I was ordering for Noah and a good friend who, thank goodness, is helping me when I take care of him! We decided to go through the drive through at Braum's Ice Cream and Dairy Store. This is the scene of countless binge episodes for me--same drive through, same speaker thingy, some of the same employees, likely. After I ordered a junior frozen yogurt and a caramel sundae, as we sat in a stand-still line, I posted to the private Facebook page of our weekly teleconference support group.

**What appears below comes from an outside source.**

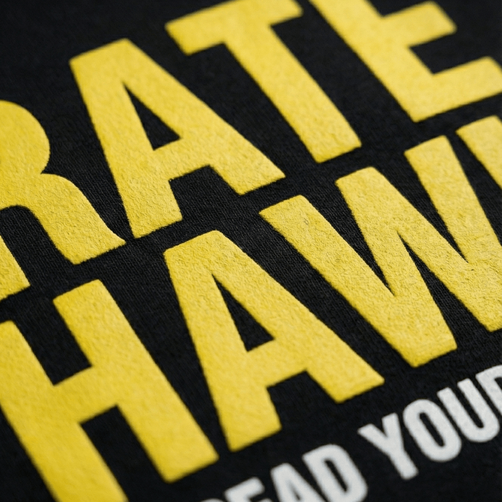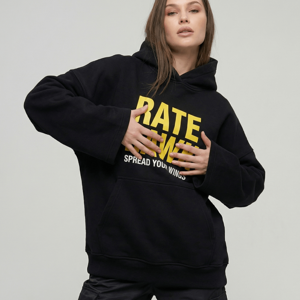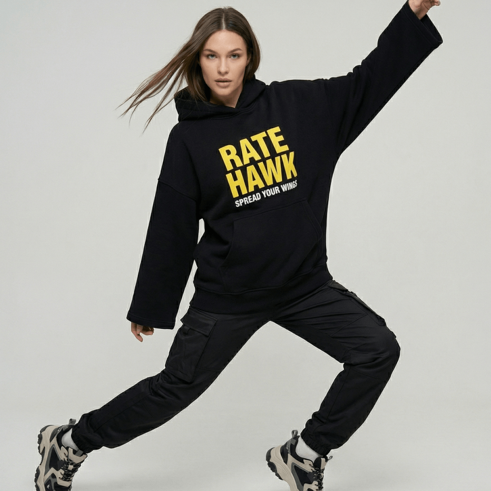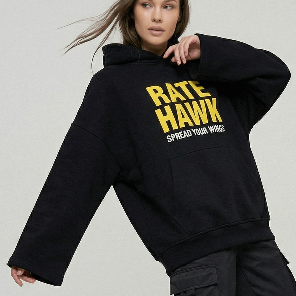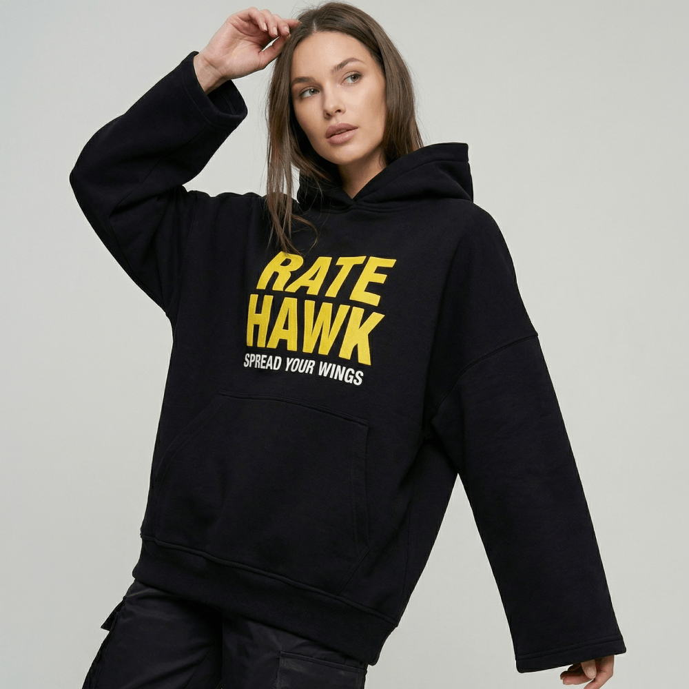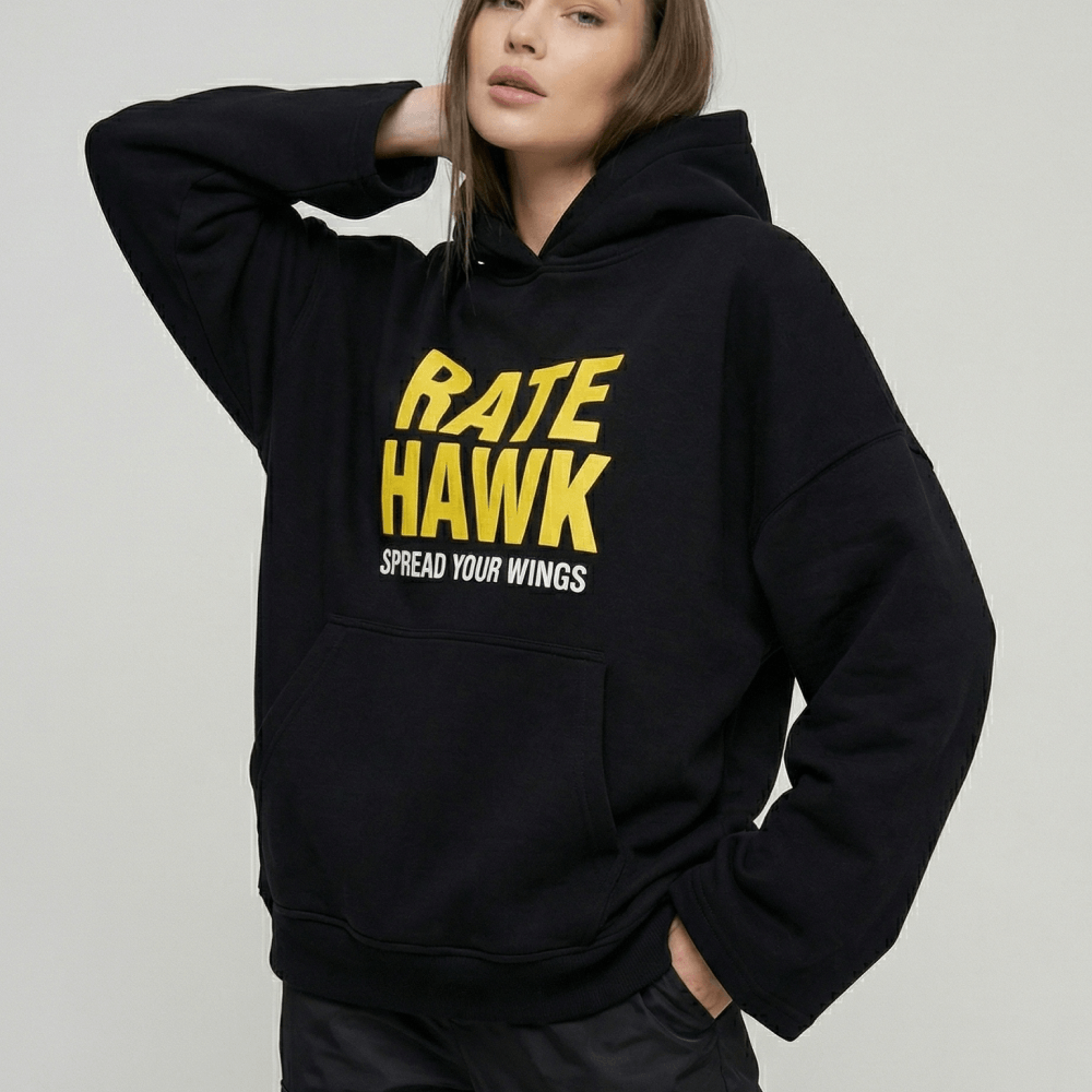 В fashion-мерче нельзя просто нанести логотип по центру. Важна грамотная интеграция бренда. Яркий желтый принт RateHawk и девиз Spread Your Wings круто контрастируют с черным фоном. Эта графика работает чисто и гармонично. В результате худи выглядит не как скучная униформа, а как полноценный дизайнерский стритвир для вашей жизни.

"I'm in the drive through of Braums Ice Cream and Dairy store. I'm getting Noah and my Noah helper ice cream. My dessert is waiting for me at home, in the form of fresh pineapple and banana. Bookending the Braum's visit. Not because I feel vulnerable, simply because this is the scene of so many past binge episodes. Order has been placed. Waiting in line."

"And I'd rather be safe then sorry. This post, to me, is like saying--- I'm going in, cover me!"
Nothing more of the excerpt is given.